━━━ Extracted data
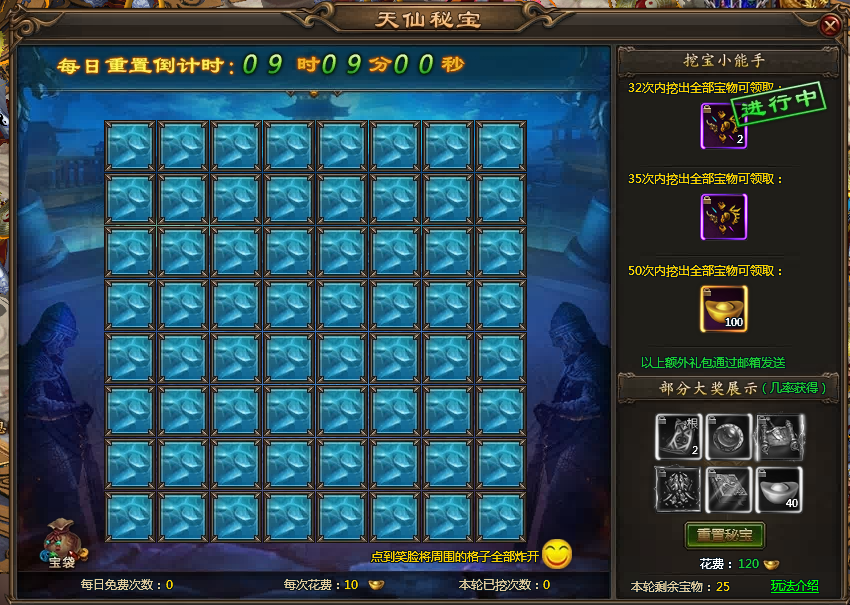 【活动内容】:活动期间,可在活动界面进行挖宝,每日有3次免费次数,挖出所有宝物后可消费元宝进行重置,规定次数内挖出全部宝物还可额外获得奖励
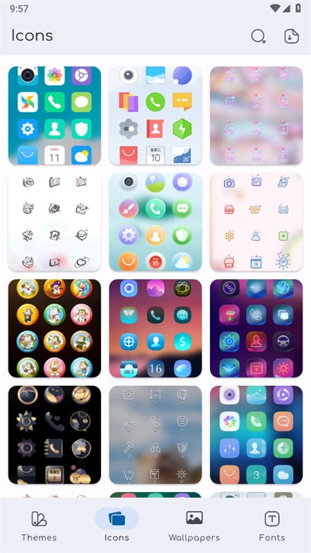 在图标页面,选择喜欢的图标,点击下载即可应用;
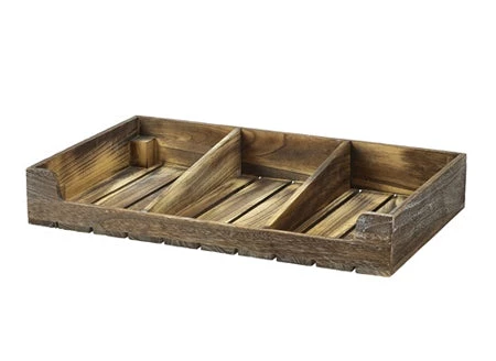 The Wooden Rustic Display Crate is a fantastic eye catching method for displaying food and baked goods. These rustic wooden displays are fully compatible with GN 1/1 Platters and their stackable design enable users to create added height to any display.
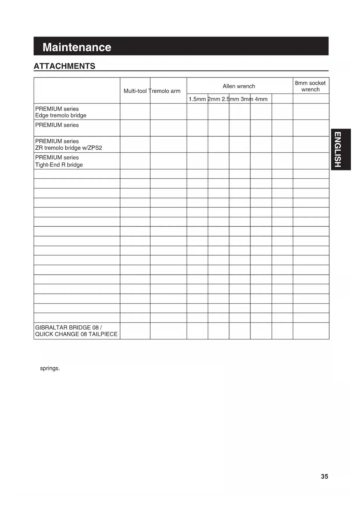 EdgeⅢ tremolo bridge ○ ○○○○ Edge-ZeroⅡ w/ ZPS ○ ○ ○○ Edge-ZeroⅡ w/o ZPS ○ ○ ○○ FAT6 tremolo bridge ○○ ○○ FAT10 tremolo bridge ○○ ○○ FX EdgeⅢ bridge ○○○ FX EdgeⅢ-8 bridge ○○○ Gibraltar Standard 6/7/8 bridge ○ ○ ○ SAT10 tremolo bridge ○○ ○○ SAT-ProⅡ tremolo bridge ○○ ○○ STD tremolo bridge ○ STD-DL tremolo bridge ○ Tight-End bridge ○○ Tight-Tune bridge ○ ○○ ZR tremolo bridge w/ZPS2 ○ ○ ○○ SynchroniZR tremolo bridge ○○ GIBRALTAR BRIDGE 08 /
━━━━━━
━━━ Extracted data
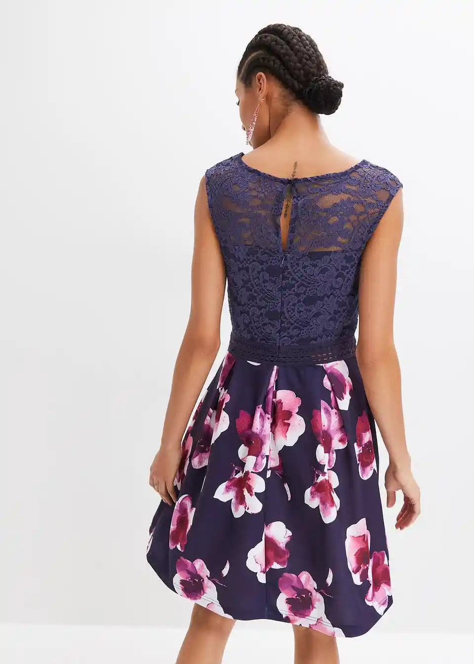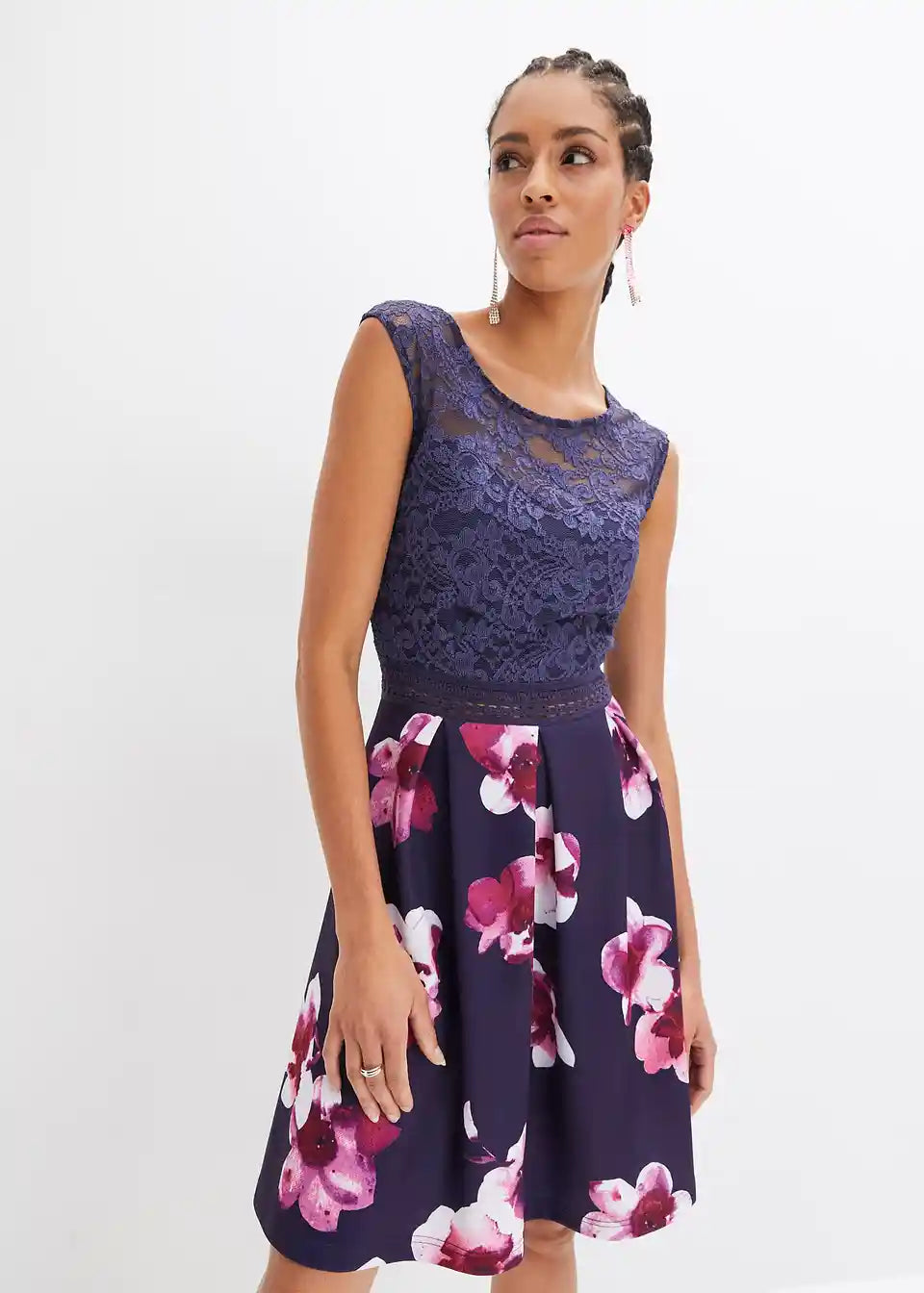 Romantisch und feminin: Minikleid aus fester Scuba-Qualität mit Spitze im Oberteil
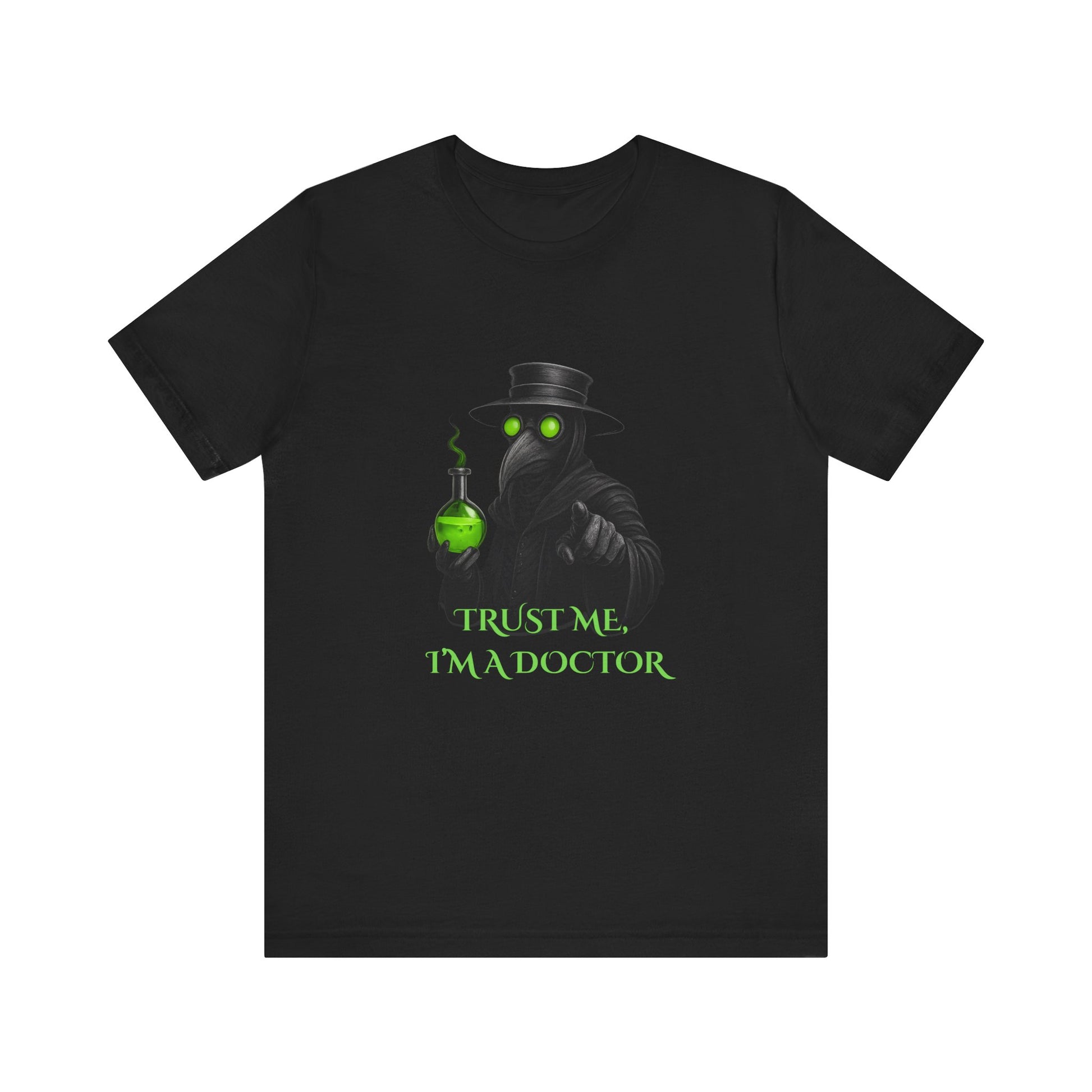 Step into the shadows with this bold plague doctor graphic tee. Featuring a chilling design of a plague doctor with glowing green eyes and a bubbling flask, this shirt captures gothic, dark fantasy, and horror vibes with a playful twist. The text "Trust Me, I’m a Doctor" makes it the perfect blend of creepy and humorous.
━━━━━━
Problem
The stretch above running from the line with "在图标页面,选择喜欢的图标,点击下载即可应用;" through the line with "EdgeⅢ tremolo bridge" is all you should copy, exactly, leaving out the pictures.

Answer box
 在图标页面,选择喜欢的图标,点击下载即可应用;
 The Wooden Rustic Display Crate is a fantastic eye catching method for displaying food and baked goods. These rustic wooden displays are fully compatible with GN 1/1 Platters and their stackable design enable users to create added height to any display.
 EdgeⅢ tremolo bridge ○ ○○○○ Edge-ZeroⅡ w/ ZPS ○ ○ ○○ Edge-ZeroⅡ w/o ZPS ○ ○ ○○ FAT6 tremolo bridge ○○ ○○ FAT10 tremolo bridge ○○ ○○ FX EdgeⅢ bridge ○○○ FX EdgeⅢ-8 bridge ○○○ Gibraltar Standard 6/7/8 bridge ○ ○ ○ SAT10 tremolo bridge ○○ ○○ SAT-ProⅡ tremolo bridge ○○ ○○ STD tremolo bridge ○ STD-DL tremolo bridge ○ Tight-End bridge ○○ Tight-Tune bridge ○ ○○ ZR tremolo bridge w/ZPS2 ○ ○ ○○ SynchroniZR tremolo bridge ○○ GIBRALTAR BRIDGE 08 /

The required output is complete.